Material for this task
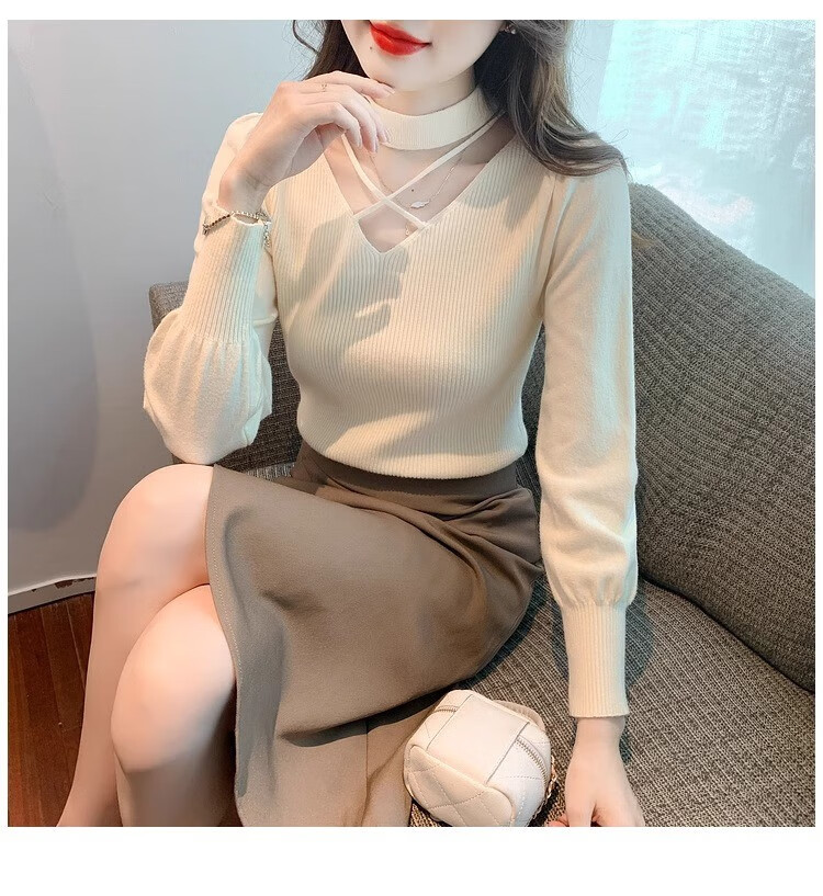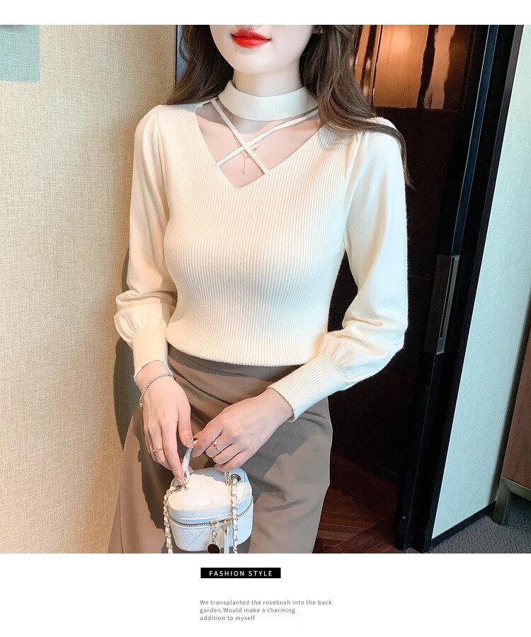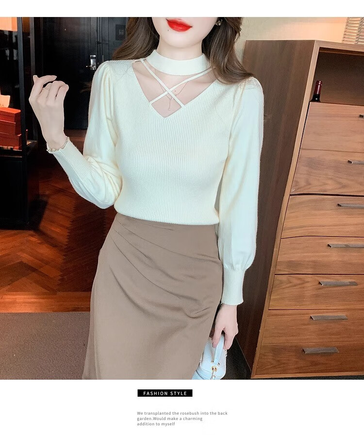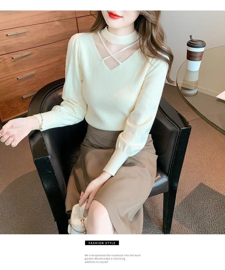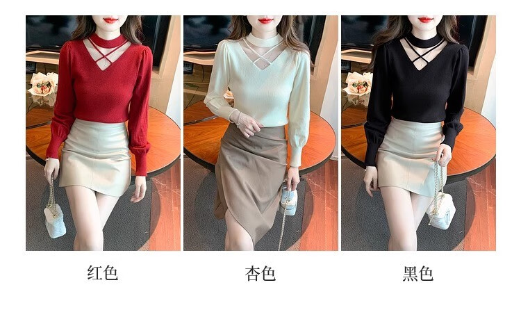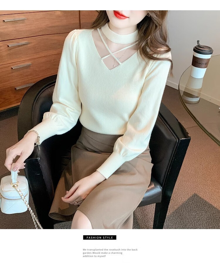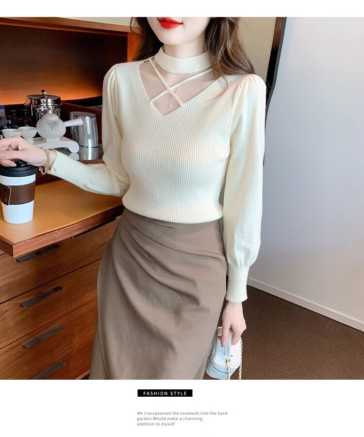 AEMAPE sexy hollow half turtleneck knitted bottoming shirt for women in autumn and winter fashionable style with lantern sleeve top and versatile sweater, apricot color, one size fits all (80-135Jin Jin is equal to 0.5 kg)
--
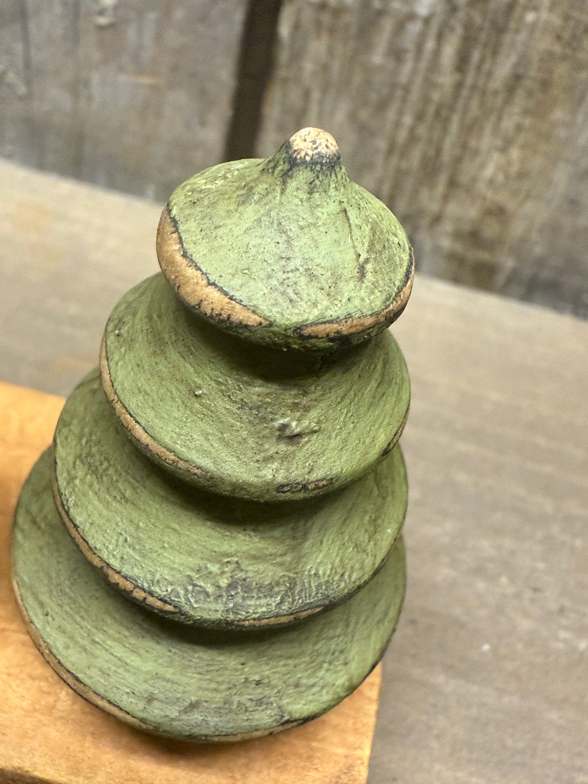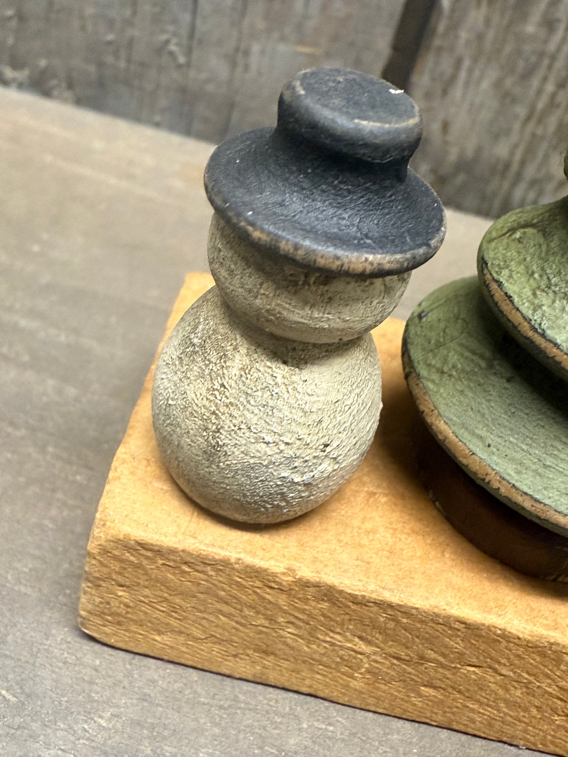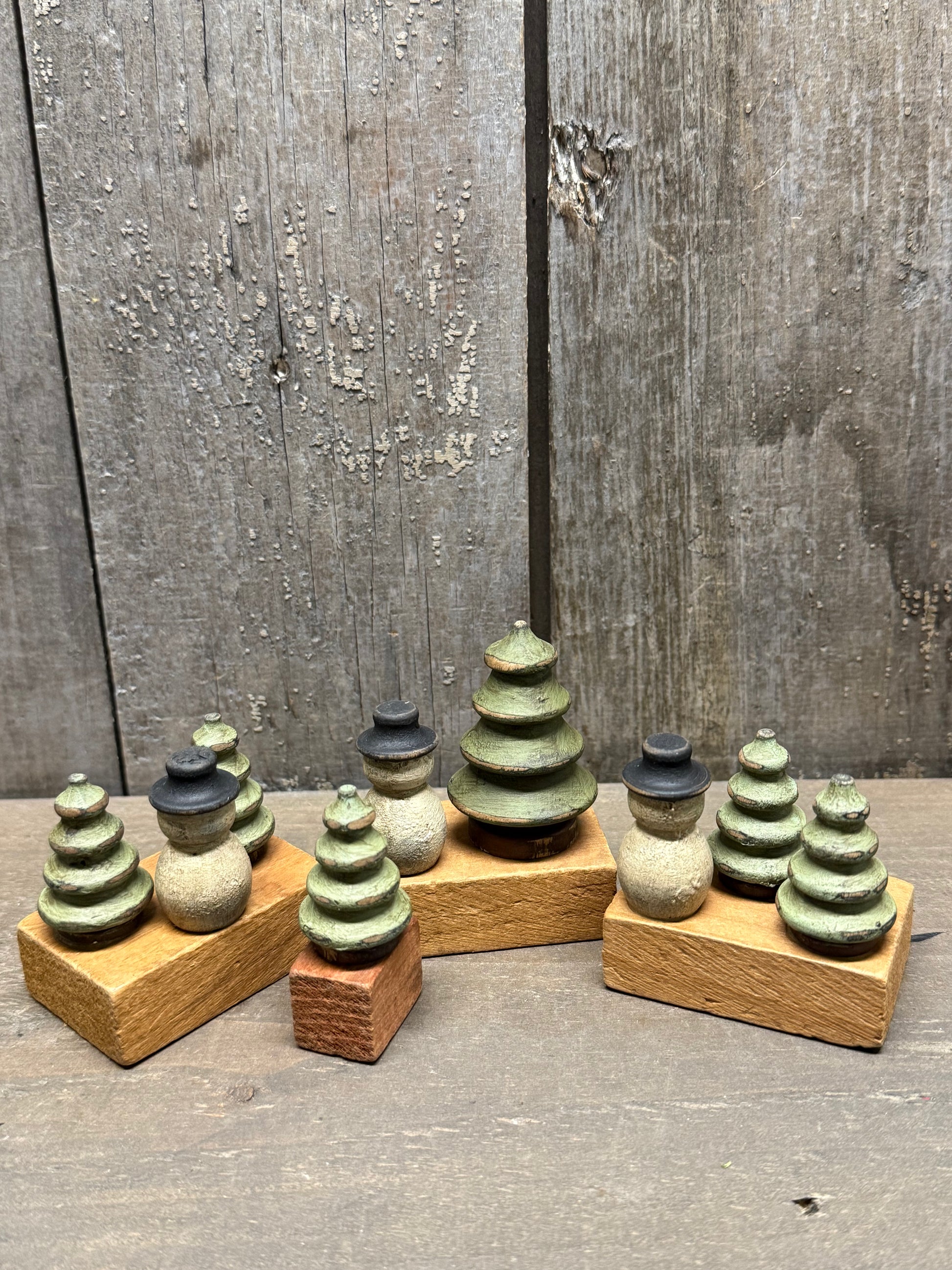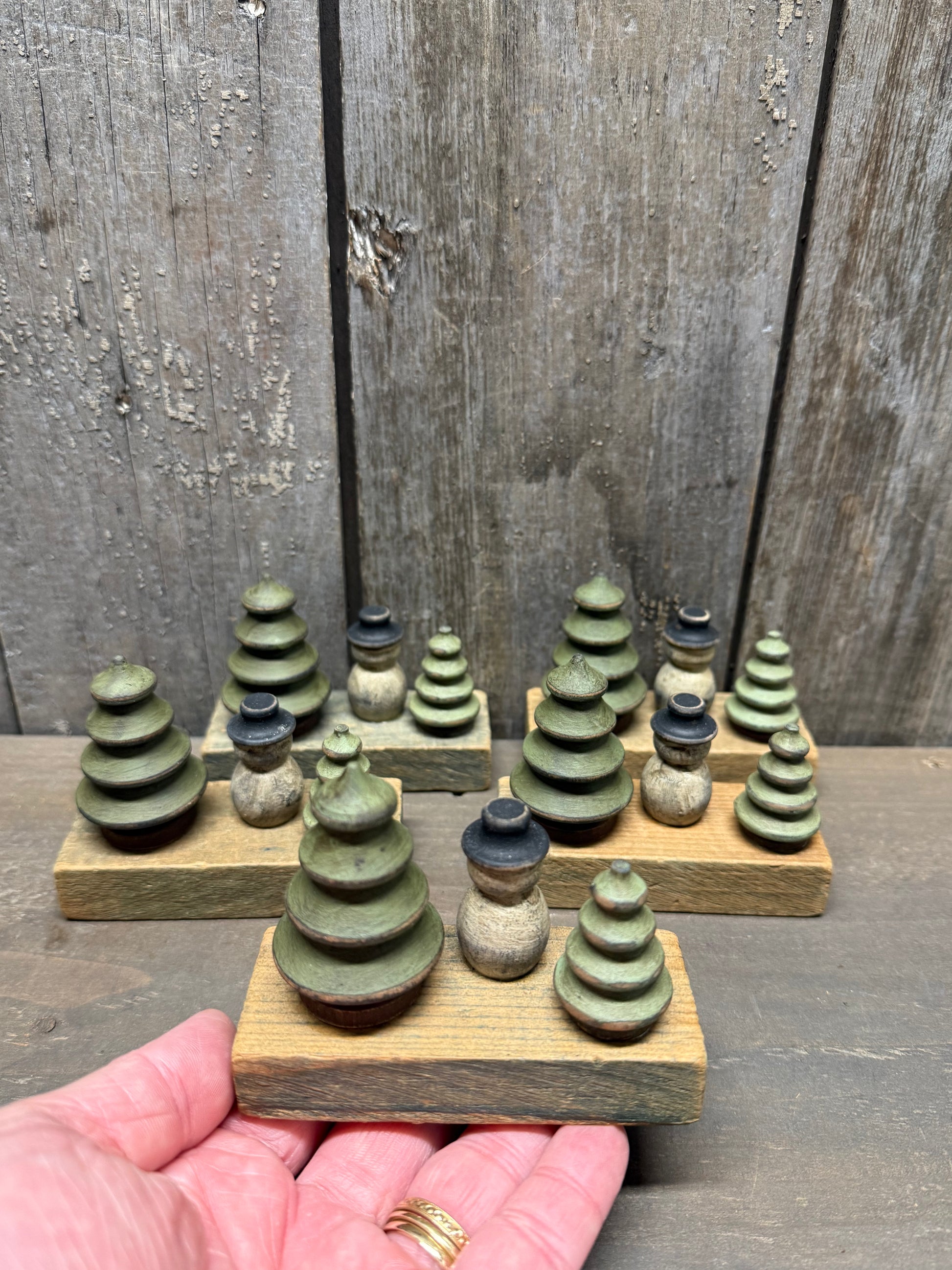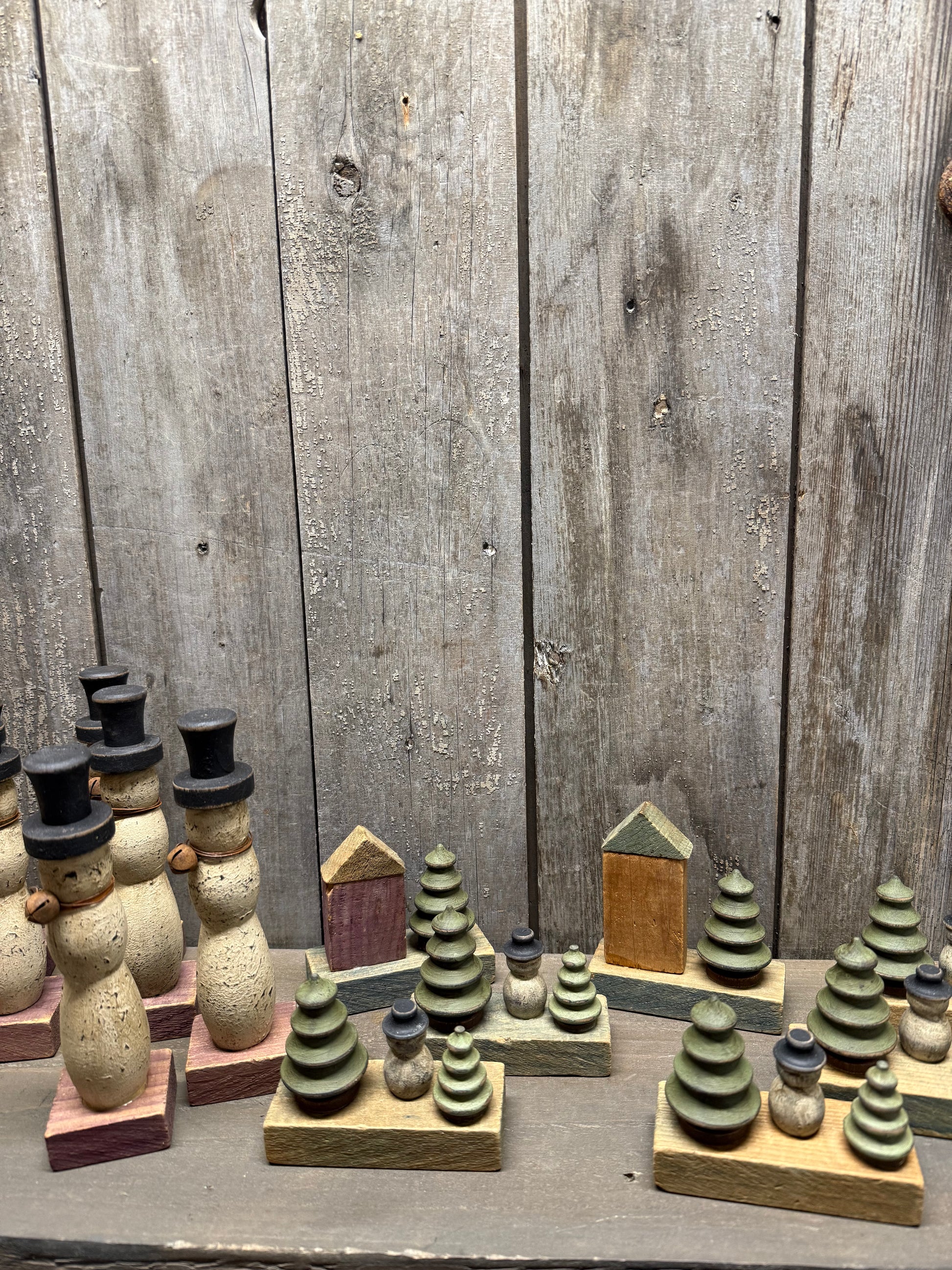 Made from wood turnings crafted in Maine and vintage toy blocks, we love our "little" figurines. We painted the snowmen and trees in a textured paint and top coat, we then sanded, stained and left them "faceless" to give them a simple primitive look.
==
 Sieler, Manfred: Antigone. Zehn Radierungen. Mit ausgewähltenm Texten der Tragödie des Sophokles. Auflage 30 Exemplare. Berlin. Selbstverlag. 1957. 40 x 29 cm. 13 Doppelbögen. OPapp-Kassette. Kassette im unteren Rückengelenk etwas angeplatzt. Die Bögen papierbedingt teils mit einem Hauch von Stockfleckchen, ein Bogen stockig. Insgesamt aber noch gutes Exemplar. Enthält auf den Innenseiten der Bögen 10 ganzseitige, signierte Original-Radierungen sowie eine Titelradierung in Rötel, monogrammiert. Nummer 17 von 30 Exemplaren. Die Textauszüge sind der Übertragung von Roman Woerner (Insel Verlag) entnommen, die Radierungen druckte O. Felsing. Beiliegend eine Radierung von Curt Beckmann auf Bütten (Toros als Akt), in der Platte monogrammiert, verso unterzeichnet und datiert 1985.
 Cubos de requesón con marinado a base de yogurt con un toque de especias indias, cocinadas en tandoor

Task instructions
Copy the lines of the data above exactly as written, beginning with the line containing "Sieler, Manfred: Antigone." and ending with the line containing "Cubos de requesón", and leave out all other lines.

Result
 Sieler, Manfred: Antigone. Zehn Radierungen. Mit ausgewähltenm Texten der Tragödie des Sophokles. Auflage 30 Exemplare. Berlin. Selbstverlag. 1957. 40 x 29 cm. 13 Doppelbögen. OPapp-Kassette. Kassette im unteren Rückengelenk etwas angeplatzt. Die Bögen papierbedingt teils mit einem Hauch von Stockfleckchen, ein Bogen stockig. Insgesamt aber noch gutes Exemplar. Enthält auf den Innenseiten der Bögen 10 ganzseitige, signierte Original-Radierungen sowie eine Titelradierung in Rötel, monogrammiert. Nummer 17 von 30 Exemplaren. Die Textauszüge sind der Übertragung von Roman Woerner (Insel Verlag) entnommen, die Radierungen druckte O. Felsing. Beiliegend eine Radierung von Curt Beckmann auf Bütten (Toros als Akt), in der Platte monogrammiert, verso unterzeichnet und datiert 1985.
 Cubos de requesón con marinado a base de yogurt con un toque de especias indias, cocinadas en tandoor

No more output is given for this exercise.